She was asking about some friends I was planning to hang out with, people I knew from school.
I mentioned that one of them said that I could play the guitar pretty well, and that I had a good voice . . .
(As I recall, the compliments were somewhat more flattering than that, but, as my worst critic, I didn't want to repeat what I remembered my friend really saying.)
Saying that my faithful helper had said . . .
Had said . . .
He had said that my voice was "nasally", . . .
And, as she interpreted it, something about my breath support wasn't right.
I knew that my breath support was not as good as it used to be, . . .
As good as it should be,
I knew if he said it, it must have been true.
I wondered if it was because I was trying to be more expressive when I was recording vocals recently, or if it is just part of the way my voice is.
I looked out the window and wondered what those words meant,
What those words meant for me.
I have never thought my voice was good. In fact, I think it sounds horrible when I listen to recordings.
I'm told that's how everyone feels, though, that even those who have incredible voices hate listening to recordings of themselves singing.
Then others told me that my voice sounded good, at least a couple using the word "beautiful".
As my worst critic, I didn't really believe it myself, but I thought that someone must like my voice, even if I didn't.
What if no one likes my voice?
What if everyone thinks I sound awful?
What if I never get to sing again?
That's what really hit me:
What would I do if I couldn't sing?
What would I do if I couldn't play?
What would I do if I couldn't write?
What would I do if I couldn't make music in this way anymore?
I felt those questions eating away at my heart.

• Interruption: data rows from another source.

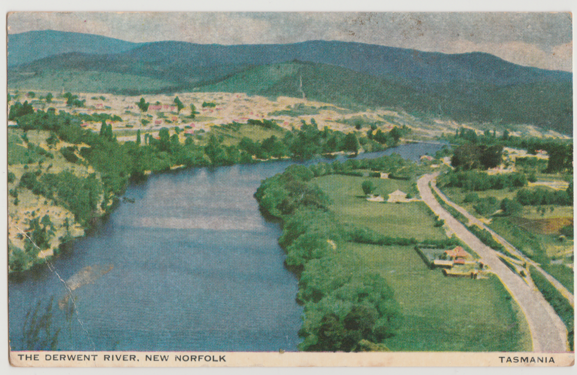Australia TASMANIA Derwent River NEW NORFOLK Sands Hurley postcard c1950s
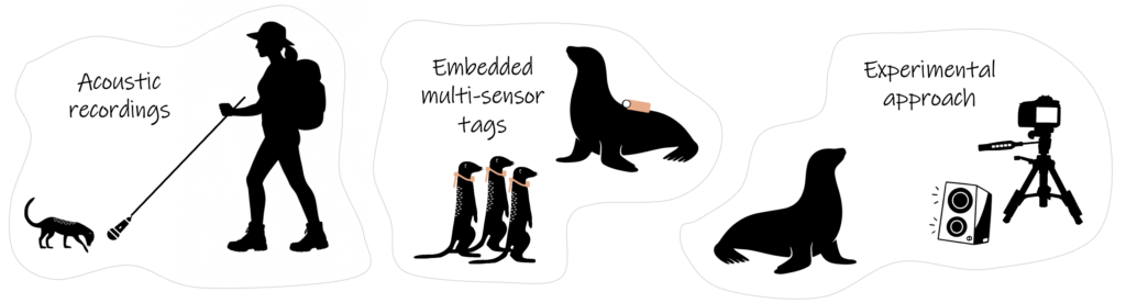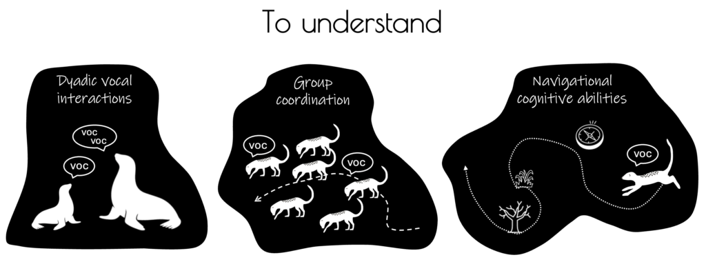 My research focuses on acoustic communication in group-living terrestrial and marine mammals. I aim to decipher the role of vocal signals in the establishment and modulation of social interactions and collective behaviours. More recently, I have expanded my work to investigate how moving animals use acoustic communication, together with the cognitive mechanisms underlying orientation and navigation. My projects rely on a range of field-based data collection methods, including active recordings of animal vocalisations, passive acoustic monitoring, and the deployment of embedded multi-sensor tags. My approach combines analyses of acoustic signals with behavioural and movement data, and incorporates experimental methods such as playback experiments and translocation paradigms.
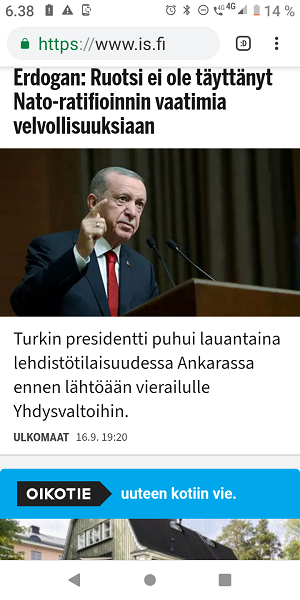 Maanantaina 4.9.2023. Alas hallitus! Kohti sosialistista vallankumousta! Kansanedustaja Pauli Kiuru kieltäisi Tampereella levitetyn julisteen, koska hänen mielestään siinä sirppi ja vasara kiihottavat väkivaltaan. Lue lisää! "... että Suomen ja Ruotsin taustalla naruista vetelee Yhdysvallat." Perjantai 26.8.2022. "Tämä on rautaesirippu." ... Suomen ja Ruotsin taustalla naruista vetelee Yhdysvallat. Kuvasarja |
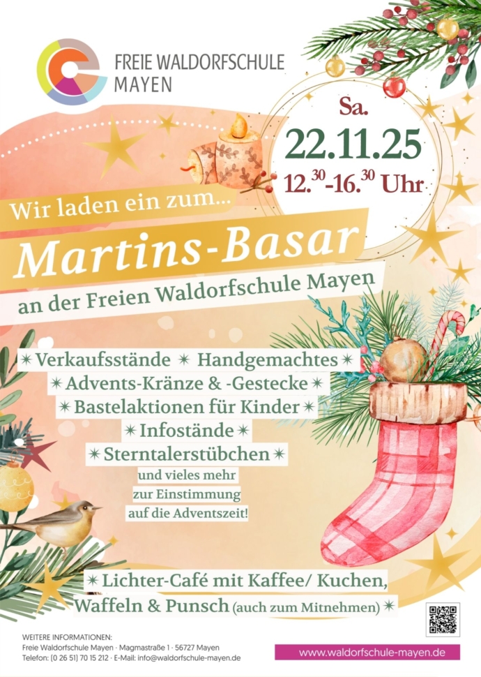 Stimmungsvoller Martinsbasar am Samstag, den 22. November 2025 von 12.30 Uhr bis 16.30 Uhr an der Freien Waldorfschule Mayen (Magmastraße 1, 56727 Mayen) in lichtvoller, vorweihnachtlicher Atmosphäre für alle Familien und Interessierten. Ein Markt zum Stöbern und Verweilen: Liebevoll gestaltete Handarbeiten und Kreatives der Eltern und der Schüler*innen (Geschnitzte Zwerge, Filzfiguren, Genähtes, Deko u.v.m.) Schöne…

I know He doesn't want me to stop writing,
I know everything that's been happening has been pushing me more and more in this direction,
But what if this isn't the direction He wants me to go in?
I knew that if I truly wasn't supposed to pursue singing and songwriting in the way I have been, I would find a way to live with it because I would trust that He had a bigger, better plan that I couldn't even imagine, . . .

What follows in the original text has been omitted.